(Study material begins)
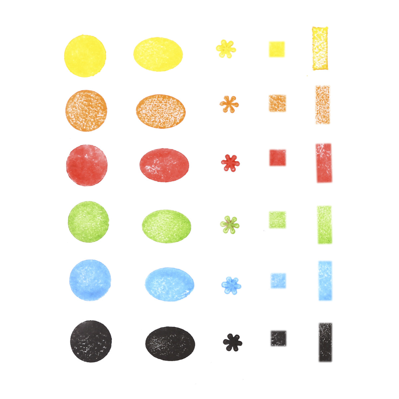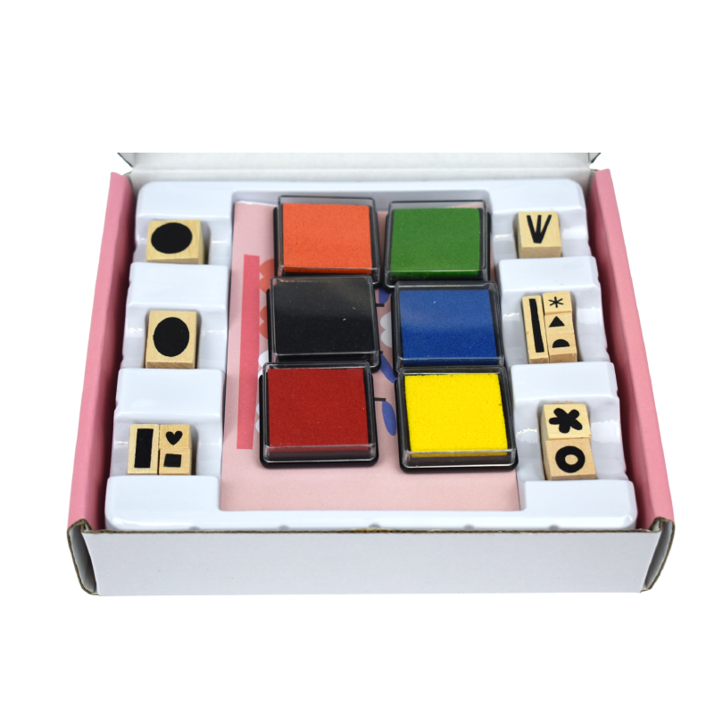 Comprehensive stamp art set with shape stamps, 6 different coloured ink pads and papers.
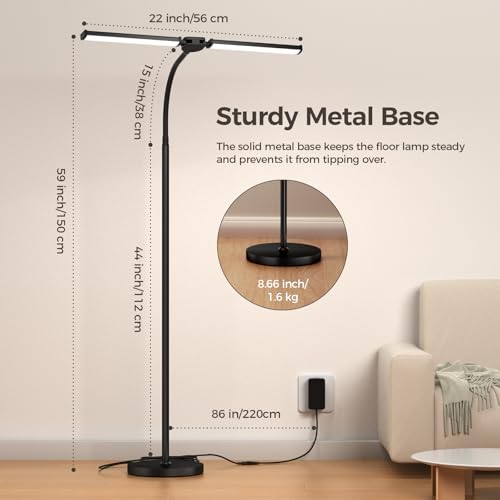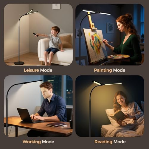 Super Bright Dual-Head Design & Eye-Caring: Our LED floor lamp features an adjustable dual-head design that rotates up to 180°, delivering brighter light and wider coverage than typical floor lamps. Easily switch between broad room illumination or focused task lighting for reading, work, and crafts. It emits soft, flicker-free light with reduced blue light for gentle, even brightness that significantly minimizes eye strain during extended use.
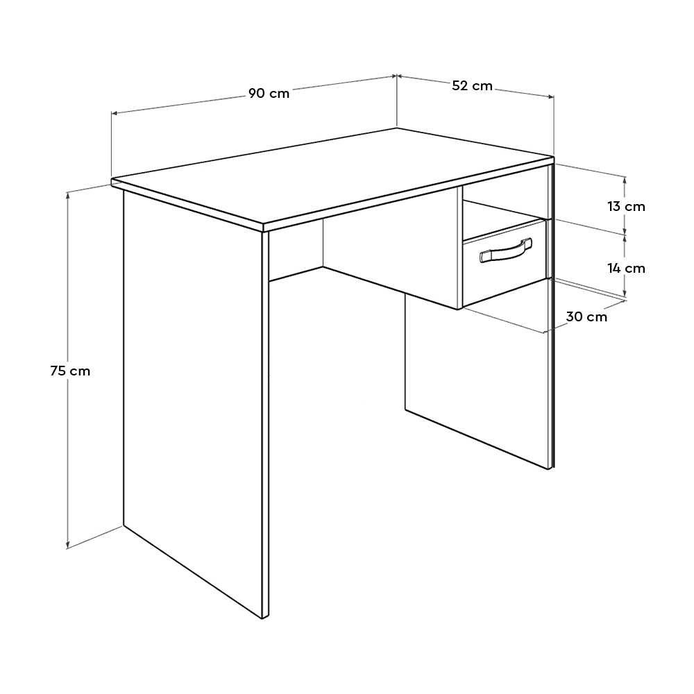 Preprosta stilska miza v barvi hrasta je primerna za računalniško mizo ali za otroško mizo, saj se jo lahko uporablja za učenje. Prednosti te mize so velika delovna površina, predal za shranjevanje učnih potrebščin in pa prostor za odlaganje zvezkov ali prenosnega računalnika, tako da imate stvari vedno pri roki. Miza ima kovinski ročaj za odpiranje predala in majhen lesen prostor za odlaganje.
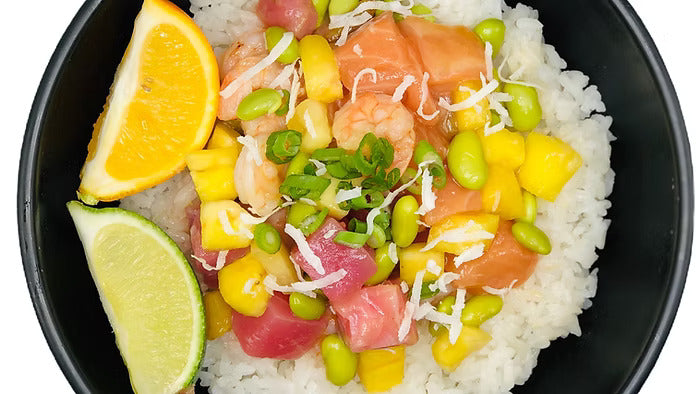 A refreshing combination of salmon, tuna, and shrimp paired with edamame, scallions, and pineapple, all drizzled with ponzu and orange ginger sauce, and finished with a hint of shredded coconut and a splash of lemon for a tropical twist.
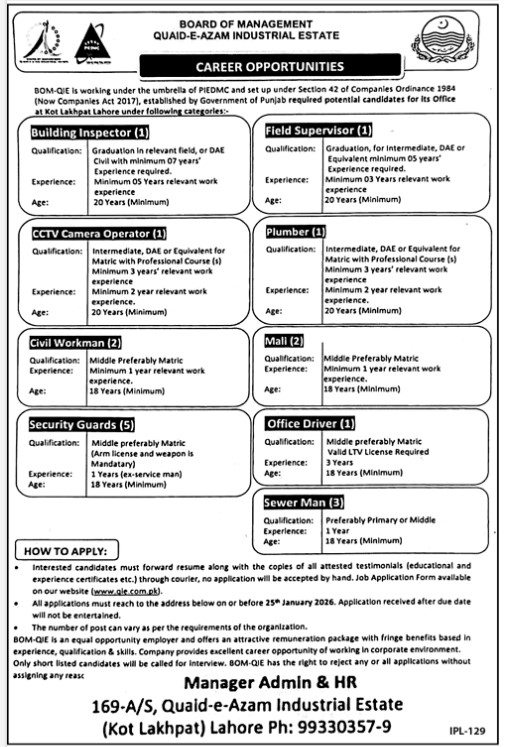 - Check official job advertisements published by the industrial estate or related companies. www.qie.com.pk.
(Study material ends)
* Task goal *
Repeat the listing word for word, omitting the pictures.

* Answer box *
 Comprehensive stamp art set with shape stamps, 6 different coloured ink pads and papers.
 Super Bright Dual-Head Design & Eye-Caring: Our LED floor lamp features an adjustable dual-head design that rotates up to 180°, delivering brighter light and wider coverage than typical floor lamps. Easily switch between broad room illumination or focused task lighting for reading, work, and crafts. It emits soft, flicker-free light with reduced blue light for gentle, even brightness that significantly minimizes eye strain during extended use.
 Preprosta stilska miza v barvi hrasta je primerna za računalniško mizo ali za otroško mizo, saj se jo lahko uporablja za učenje. Prednosti te mize so velika delovna površina, predal za shranjevanje učnih potrebščin in pa prostor za odlaganje zvezkov ali prenosnega računalnika, tako da imate stvari vedno pri roki. Miza ima kovinski ročaj za odpiranje predala in majhen lesen prostor za odlaganje.
 A refreshing combination of salmon, tuna, and shrimp paired with edamame, scallions, and pineapple, all drizzled with ponzu and orange ginger sauce, and finished with a hint of shredded coconut and a splash of lemon for a tropical twist.
 - Check official job advertisements published by the industrial estate or related companies. www.qie.com.pk.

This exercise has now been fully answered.